Bayer’s drop in the bucket

Bayer’s just-announced $40-million DOJ settlement, which responds to whistleblower lawsuits initiated nearly two decades ago, represents a drop in the bucket compared to the company’s $48.9-billion earnings for 2021.

The Germany-headquartered company, the world’s sixth-largest pharmaceutical juggernaut, is engaged in an ongoing biotech “investment spree” that has enabled positive financial results despite the current legal headaches associated with its ownership of Monsanto.

Violation Tracker, a database covering corporate misconduct from the year 2000 on, displays 155 results for Bayer and its subsidiaries over the past two decades, listing penalties such as drug and medical equipment safety violations, FCA offenses and various other forms of fraud.

The company’s “history of malfeasance” extends much further back, however, featuring its marketing of heroin as a top-selling children’s cough syrup in the early 20th century; the sale of lethal chemical weapons during WWI in violation of chemical warfare treaties; collaboration, as part of the IG Farben conglomerate, with Nazi medical experiments during WWII; knowingly marketing tainted blood products in the 1970s and 1980s; and, for 16 years, promoting a now-recalled birth control device — the focus of nearly 20,000 lawsuits — that routinely perforated women’s internal organs.

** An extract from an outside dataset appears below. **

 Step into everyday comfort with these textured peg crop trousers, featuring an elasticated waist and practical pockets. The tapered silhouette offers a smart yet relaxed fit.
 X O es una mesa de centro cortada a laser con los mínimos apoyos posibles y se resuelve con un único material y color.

The long-running lawsuits that led to the latest settlement alleged Bayer paid kickbacks to hospitals and physicians to promote three drugs: a cholesterol drug recalled in 2001 after being linked to “significantly more fatal cases than its competitors,” a potent antibiotic associated with a wide range of serious or fatal adverse reactions and a kidney-toxic heart surgery drug approved in 1993 and belatedly recalled in 2007, after killing an estimated 22,000 bypass patients.

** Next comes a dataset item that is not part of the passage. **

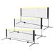 Portable Badminton Net Set Our multi-sport portable net is more than just a badminton net; it's also suitable for pickleball, tennis, soccer tennis, and casual volleyball. Enjoy unlimited backyard fun with our versatile training net set. With adjustable heights from 3 ft to 5.1 ft, you can easily switch the net from high to low, with even lower settings for pickleball, tennis, and soccer tennis. Our foldable pickleball net set is made of high-quality material, perfect for indoor or outdoor use. The iron tubes feature slotted foam for easy storage and bump protection, ensuring durability. Set up in 5 minutes or less. No stakes or tools needed, even kids can join in! All parts are connected with flexible bungee cords, so there's no risk of losing any pieces. The portable bag allows you to use the net not just in the backyard/home but also to take it to the pool, beach, or park. It folds compactly and takes up minimal space.
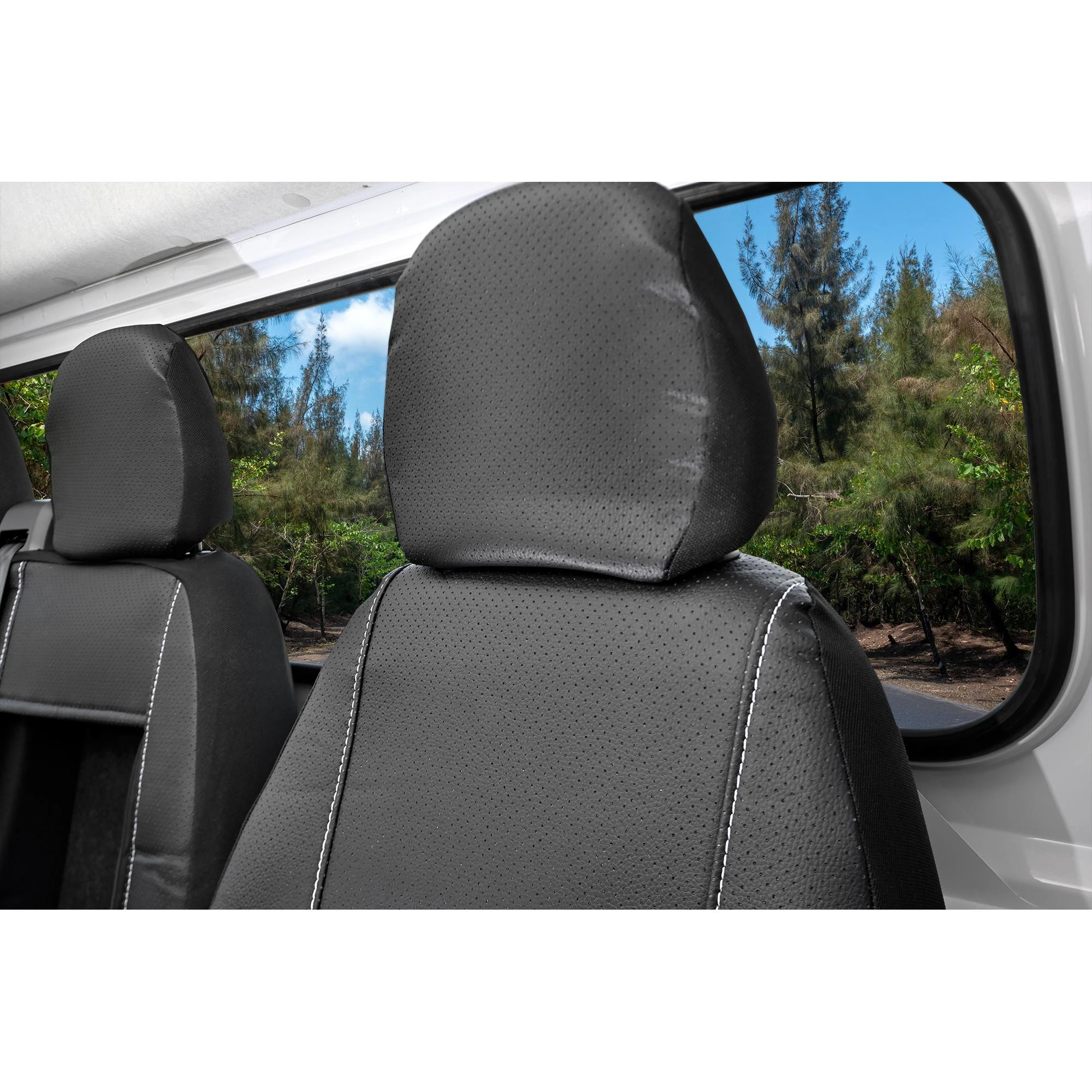 Pokrowce zostały wykonane z wysokiej jakości oddychającej eco skóry w głębokim czarnym kolorze. Gładka struktura materiału nie tylko świetnie się prezentuje, ale jest również niezwykle łatwa w utrzymaniu czystości – większość zabrudzeń usuniesz błyskawicznie przy użyciu wilgotnej szmatki. Dzięki wzmocnionemu spodowi i precyzyjnemu krojowi, produkt idealnie przylega do foteli, eliminując problem przesuwania się materiału.

The whistleblower also alleged drug marketing “for off-label uses that were not reasonable and necessary” and significant downplaying of the two recalled drugs’ safety risks.

Though Bayer withdrew both drugs for “safety reasons,” its settlement admits no wrongdoing.

Top offenders since the early 1990s

In 1986, Congress amended the False Claims Act, significantly expanding its scope and “breath[ing] new life into what has now become the government’s primary enforcement tool against fraud.”

However, that same year President Ronald Reagan signed into law the National Childhood Vaccine Injury Act, a piece of legislation that decimated incentives to make vaccines safe by furnishing manufacturers with blanket immunity from liability for vaccine injuries.

The lifting of those legal constraints catapulted vaccines from a “neglected corner of the drugs business” into a major driver of pharmaceutical industry profits.

Public Citizen’s 1991-and-on analyses of settlements indicate these manufacturers also felt emboldened to engage in lawless — and recidivist — behavior even for drugs not enjoying liability protections.

According to Violation Tracker, Johnson & Johnson (J&J), Merck and Pfizer are the top three companies in terms of total penalties paid, with the latter two also accounting for the largest numbers of violations.

Among Pfizer’s penalties was a 2009 settlement for $2.3 billion — the largest healthcare fraud settlement in the DOJ’s history.

Merck and Pfizer happen to be two of the “big four” companies providing the vaccines on America’s childhood vaccine schedule, and J&J and Pfizer are responsible for two of the four COVID-19 shots authorized for U.S. use.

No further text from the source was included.